На лице вновь уменьшившегося до привычных размеров существа появился подобный улыбке оскал из россыпи желтых остроконечных зубов.
– Ты очень смешной. Кто ты такой? Я хочу знать, чьим телом завладею.
– Меня зовут Бруно. Но тебе эта информация не пригодится. И не льсти себе. В прошлый раз застал врасплох. О моем шикарном теле можешь только мечтать. Я раздавлю тебя, а потом устрою тут в этом лесу свой собственный парк развлечений. Жаль, что ты этого уже не увидишь. Тебе бы понравилось. Я вижу, что ты любишь развлекаться…

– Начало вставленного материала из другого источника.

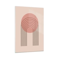 Cuadro sobre vidrio - Impresiones sobre Vidrio - Motivo abstracto con círculo rosa y líneas. - 80x120cm - Atracción irresistible - Decoración de pared moderna para salón y dormitorio ARTTOR

Не дожидаясь окончания фразы, существо так быстро прыгнуло вперед, что Бруно едва успел выставить перед собой ладони. Острые пальцы снова вонзились в затылок, стараясь либо притянуть сознание юноши, либо разодрать его в клочья. Стало ужасно стыдно, что он вновь попался на тот же прием. Неожиданность, бывшая всегда его собственным главным оружием, теперь уже второй раз играет против него самого. От осознания собственной глупости и непредусмотрительности гнев внутри забурлил и пролился наружу через закрытую крышку. Он схватил яростное существо за маленький подбородок одной рукой и что было сил запрокинул его голову назад. Боль в затылке стала физической. Паразит использовал все свои силы, чтобы проникнуть внутрь, и этих сил было достаточно, чтобы заставить физическую оболочку страдать от ментальной травмы. Пальцы все глубже и глубже погружались в его голову. Существо свирепо ревело, издавая неприятные звуки. Еще одно мгновение, и оно проникнет внутрь. Сил эфира тут, в этой темнице откровенно не хватало, они уже были на исходе. В последнем отчаянном рывке Бруно высвободил руку, до это сдерживавшую небольшое тельце на расстоянии от собственного, и, что было сил, потянулся вверх. Выше и выше, пока наконец не ощутил кольцо сети, опоясывающее поляну по окружности. Концентрированный эфир проник его сознание, и в ту же секунду он создал первое же, что пришло ему в голову. Пламя. Дикий и безудержный огонь в миг охватил его разум и как по цепи в ту же секунду перекинулся на все, что было с ним связано. В оно мгновение паразит вспыхнул и просыпался на пол черной золой. Бруно рухнул на каменные плиты пола внутри теперь уже безжизненного, стремительно разрушающегося сознании. Он поднял вверх дымящееся лицо и увидел, как во всех направлениях тлеет сеть внутри густого эфира. Мотнув головой, он вернулся обратно в собственное тело. Медленно поднявшись на ноги, он переступил через упавшее с кресла безжизненное тело старика, а потом, выйдя сквозь дверной проем, и через огромное тело Стража, лежавшего у порога. Еще очень слабо соображая после произошедшего, он осмотрел казавшиеся теперь гнилыми деревья по всему периметру опушки. Никаких признаков жизни здесь, в этом кишевшем ею несколькими часами ранее, лесу больше не ощущалось. Только один густой эфир, в недоумении повисший в воздухе бледным розовым туманом. Между двух ближайших деревьев откуда-то возникла дверь.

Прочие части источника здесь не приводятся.